At the end of the chain are the consumer and business-facing companies that integrate all these financial features into their own products to enhance value for their users. These span virtually every industry. A few notable examples in Europe:
Rakuten Viber, one of the continent’s most popular messaging apps, launched an in-app wallet called Viber Pay allowing users to send money to each other instantly and fee-free within chats. At the end of 2025, Viber Pay (currently powered behind the scenes by Paynetics as the regulated e-money partner) had already surpassed 1 million wallets set up by users – demonstrating the demand for financial features embedded in social apps.
In the food delivery space, Delivery Hero built a closed-loop wallet for its orders, letting customers top-up and pay seamlessly, which improves loyalty and margins. This also allows one of Europe’s leading delivery platforms to offer better checkout experience, instant refunds, and cash back incentives.
Another relevant example from the industry is Wolt, which expanded beyond food delivery by introducing Wolt Capital, a lending product that provides fast and simple financing to the restaurants on its platform. Many small hospitality businesses need short-term capital to manage operating costs or invest in upgrades, and Wolt uses embedded finance to meet that need inside its existing ecosystem. By offering working-capital loans through an infrastructure partner (Finmid), Wolt strengthens partner loyalty, increases platform stickiness, and uses financial services to support the growth of its merchant base.
From Portugal comes Coverflex, a company which uses embedded finance to manage employee compensation and benefits. The platform leverages embedded finance rails from Monavate and Pecunpay and allows companies to distribute allowances digitally, while employees decide how to allocate them across eligible categories such as meals, childcare, or savings. It shows how financial infrastructure can be embedded even in HR and compensation systems – extending beyond banks and consumer apps into workplace tools.
Travel and mobility platforms are also embedding payments and banking: for example, Paynetics powers UK startup Swiipr to work with airlines to embed instant digital compensation payouts for disrupted passengers (replacing clunky voucher and cash processes). On the B2B side, also on Paynetics rails, Payhawk offers an expense management SaaS that comes with corporate cards and multi-currency accounts for its clients – essentially embedding banking services into a finance software platform.
Traditional industries are joining in too: telecom operator A1 launched a digital wallet super-app for its subscribers (with features like contactless payments, P2P transfers, loyalty card storage, etc.) while Samsung provided millions of users in Germany with mobile payments, digital lending and KYC options with Samsung Pay, powered by Solaris.

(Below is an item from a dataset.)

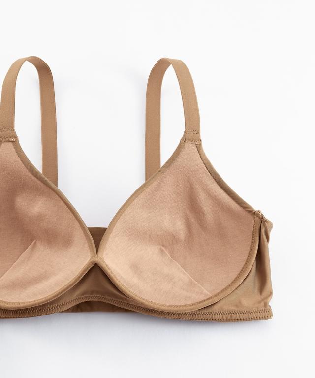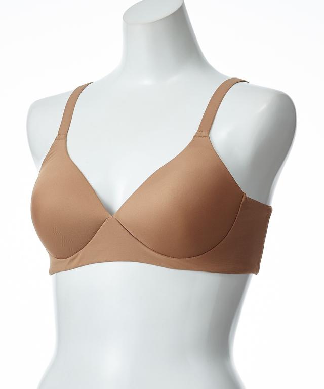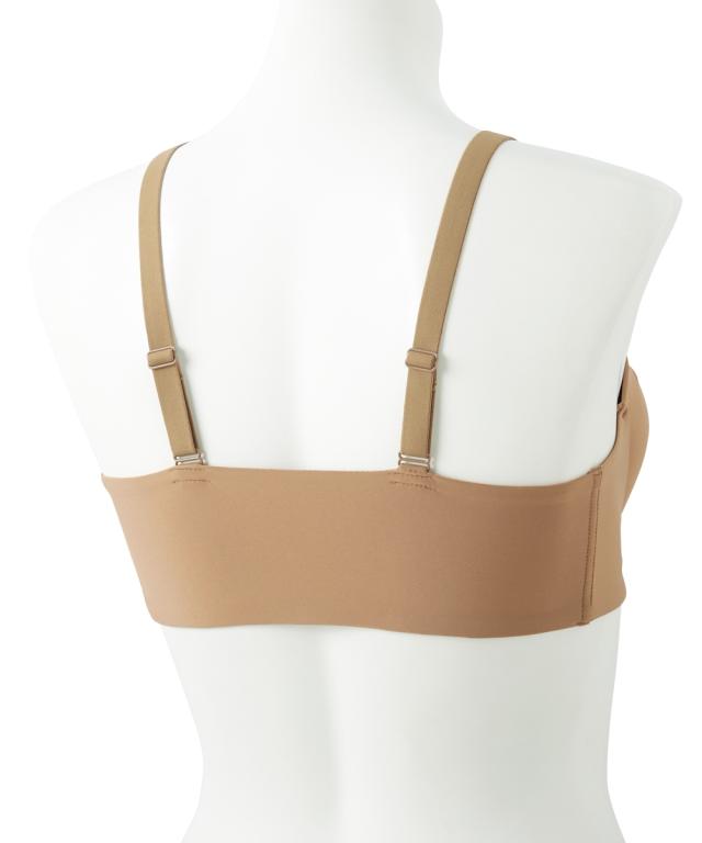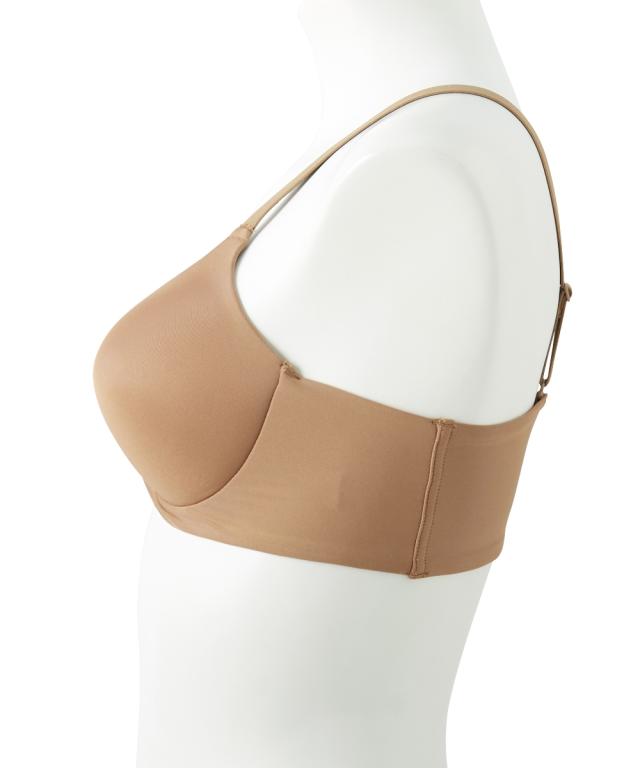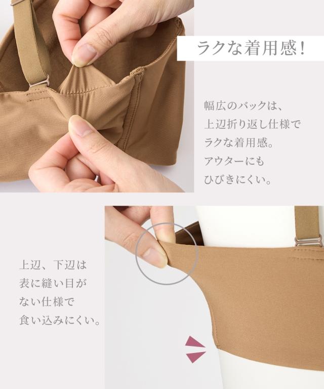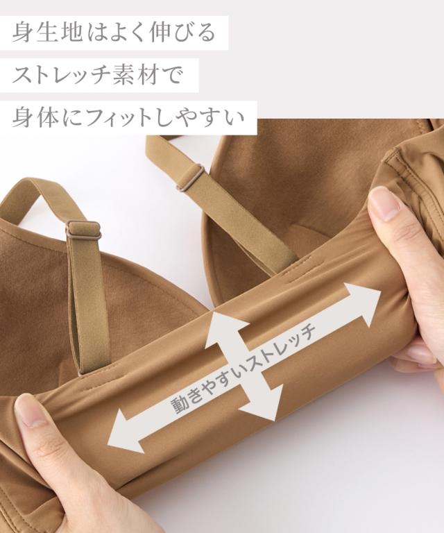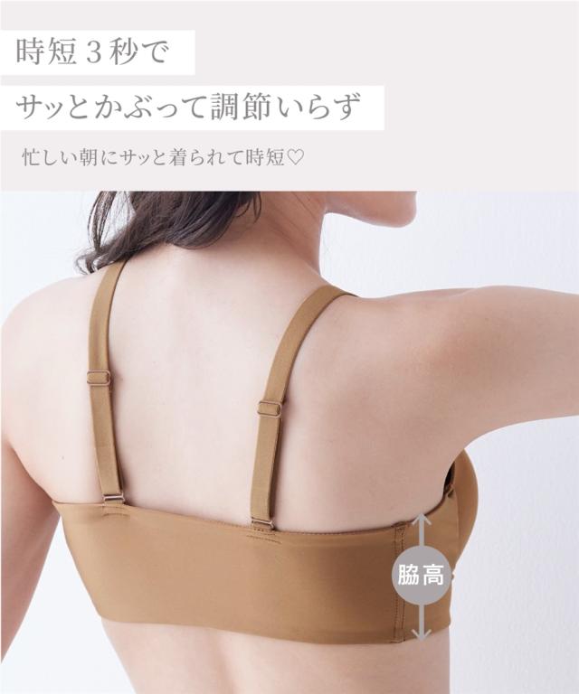 [comment] 超伸縮する肩ひもで長さ調節いらず。アンダーも伸縮するからサッとかぶって即フィット。忙しい朝に手間いらずな時短ブラ。アウターにひびきにくいモールドカップで、ゴムは肌にあたらない仕様。アンダーホックがないので優しい肌あたりです。 カップ部分にシームレスカップを使用しているためアウターに響きにくい

Even large the automotive industry in Europe has dipped its toes in financial services by offering branded payment solutions or insurance within their ecosystems. A good example is ADAC, Europe’s largest car club with 21 million members. Back in 2022, the association decided to move 1.1 million co-branded credit cards from a traditional bank to Solaris’s platform. The project aimed to modernize ADAC’s program, enhance its capabilities, and deliver a more feature-rich, digital-first customer experience. The program provides members with perks such as discounts on car rentals, fuel, hotels, and leisure activities, alongside travel insurance and free cash withdrawals.
This mapping gives a sense of the European EF ecosystem’s breadth. From licensed “rails” providers like Solaris and Paynetics, through tech platforms like Weavr and Toqio, to specialized fintech APIs and finally the brands deploying these services, each plays a role in delivering embedded finance to end-users. For clarity, one can visualize a value chain: at the bottom, regulated infrastructure handles compliance and money flows; in the middle, orchestration and specialist fintechs provide modular functionality; at the top, customer-facing companies plug these in to create smooth embedded finance experiences.